Now we load in our dataset for housing prices in Boston with 10 predictors. As an example, we print the second data entry (remember, Python is 0-indexed). Notice that it is an array of 13 values, so our data is 13-dimensional.

In [3]:
boston = load_boston()
boston.data[1]

array([2.7310e-02, 0.0000e+00, 7.0700e+00, 0.0000e+00, 4.6900e-01,
       6.4210e+00, 7.8900e+01, 4.9671e+00, 2.0000e+00, 2.4200e+02,
       1.7800e+01, 3.9690e+02, 9.1400e+00])

And view the second target value (i.e. home price) 

In [4]:
boston.target[1]

21.6

Now we separate our data and target into easier variable names, and use a built-in `sklearn` function to split our data for training and testing

In [5]:
X = boston.data
y = boston.target

X_train, X_test, y_train, y_test = train_test_split(X, y, test_size=0.2, random_state=13)
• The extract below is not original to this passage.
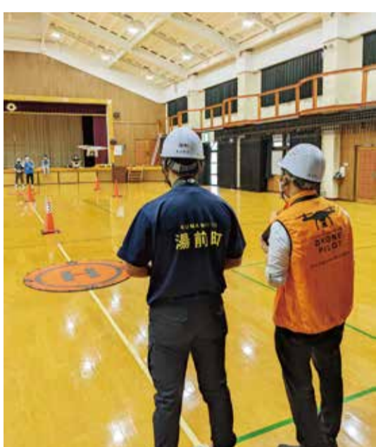
自治体職員を対象としたドローンスクールの様子

ドローンは農林業分野において省人・省力化に寄与するほか、災害時の被災状況把握や人命救助に先立つ情報収集などにおいても重要な役割を果たします。JR九州商事はドローン人材の育成から、機体・機材の選定、利活用策の提案まで、ドローンの導入をワンストップでサポートします。自治体・行政機関の皆さまとともに、地域の特性に応じた導入案を検討いたしますので、お気軽にご相談ください。

Now that we've loaded and split our data, we need to define our model. Luckily, `sklearn` has an easy syntax for this.

In [6]:
# we create an instance of a Linear Regressor
linreg = linear_model.LinearRegression(fit_intercept=True, normalize=True)

$$ \nabla_{\pmb{w}} \text{MSE}_\text{train} = 0 $$

$$ \Rightarrow \nabla_{\pmb{w}} \, \frac{1}{m} \, || \, \widehat{\pmb{y}}^\text{(train)} - \pmb{y}^\text{(train)} \, ||_2^2 = 0 $$

$$ \Rightarrow \pmb{w} = (\pmb{X}^{\text{(train)} \, \top} \pmb{X}^\text{(train)})^{-1} \pmb{X}^{\text{(train)} \, \top} \pmb{y}^\text{(train)} $$

But the above model is untrained (i.e. it is just a theoretical model with arbitrary parameters). We now train our model on our specific training dataset. Note: If you are using the online version of the jupyter notebook, this fitting might take a couple seconds).

In [8]:
#fit the model using the training data
linreg.fit(X_train,y_train)

LinearRegression(copy_X=True, fit_intercept=True, n_jobs=None, normalize=True)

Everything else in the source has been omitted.